Infections caused by Candida spp. are the major cause of morbidity and mortality among seriously ill patients. Prior colonization with Candida spp. has been regarded as an essential step for the development of invasive disease [10, 23]. The colonization index could be helpful in predicting risk of developing systemic infection in critically ill patients, and thus, may offer opportunities for early therapeutic or prophylactic interventions [6, 10]. In the present study, although 11 of 35 (31%) patients were colonized with Candida spp. At ≥3 sites, none of them, despite being leukemic, developed candidemia or invasive candidiasis. Two patients with ALL who subsequently developed candidemia due to C. tropicalis were colonized at two sites with two different Candida spp. (C. albicans with C. tropicalis or C. dubliniensis with C. tropicalis) and their serum samples also yielded positive results for C. tropicalis DNA, mannan and BDG. Recently, Leon et al.  conducted a prospective observational study in a cohort of non-neutropenic patients to assess the value of "Candida score" for the probability of developing invasive candidiasis. Since invasive candidiasis occurred only in <5% of patients who had Candida colonization score of <3, the likelihood of developing invasive candidiasis in such patients was considered very low.

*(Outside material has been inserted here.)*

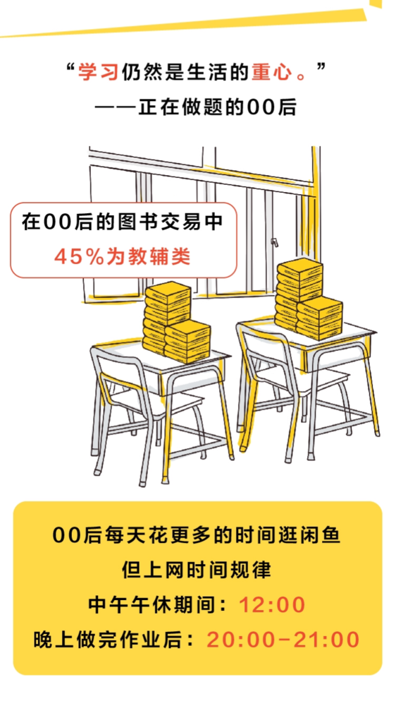 虽说00后相对前卫,但处于学龄期的他们,学习还是生活的重心。数据显示,00后在闲鱼的图书交易中,45%为教辅类。根据中国青少年研究中心发布的《“00后”发展状况研究》调查显示,超7成“00后”作业超标,他们的课外班时间是“90后”的2倍,过半“00后”睡眠不足。尽管家庭经济条件较为丰裕,00后可以享受许多8090后少年时无法享受的物质条件,但是学业压力下的生活也并没有想象中那么轻松。

Since early diagnosis of invasive candidiasis is challenging, the role of surrogate markers, such as Candida species-specific DNA, mannan, and BDG in predicting the onset of invasive candidiasis has attracted considerable attention [13, 24]. None of the colonized patients in the present study were found positive for Candida mannan or Candida DNA. However, BDG levels were positive in eight serum samples from six patients with values ranging from 82 pg/ml to 141 pg/ml. These observations are generally in agreement with previous studies showing that patients colonized at single or multiple sites yield BDG levels below the cut-off value recommended by the manufacturer [12, 25–27]. The BDG levels above the cut-off values (80 pg/ml) in 6 of 20 (30%) colonized pediatric cancer patients in our study may either result from absorption of BDG through the gut due to mucositis  or due to contamination with cellulose , gauze , bacterial sepsis [30, 31] or intravenous therapy with amoxicillin-calvulanic acid in these subjects . Despite the above limitations of the test, several studies have used BDG monitoring to identify patients at risk of developing invasive candidiasis to improve therapeutic outcome [25, 33, 34]. A wide range of sensitivities and specificities have been obtained in different study populations [25, 34, 35], probably due to use of different cut-off values for a positive BDG test or due to use of different brand of kits that may react differently to BDG present in the clinical samples [36, 37]. Unlike BDG, Candida mannan levels in serum seem to be less susceptible to the extent of Candida colonization. As stated above, none of our colonized patient was found to have positive serum levels (>0.5 ng/ml) for Candida mannan (mean 0.16 ± 0.04 ng/ml). In two patients who had Candida mannan in the intermediate range (0.308 and 0.287 ng/ml), sera were negative for BDG as well as Candida DNA. These findings are in conformity with the results of previous studies [12, 14].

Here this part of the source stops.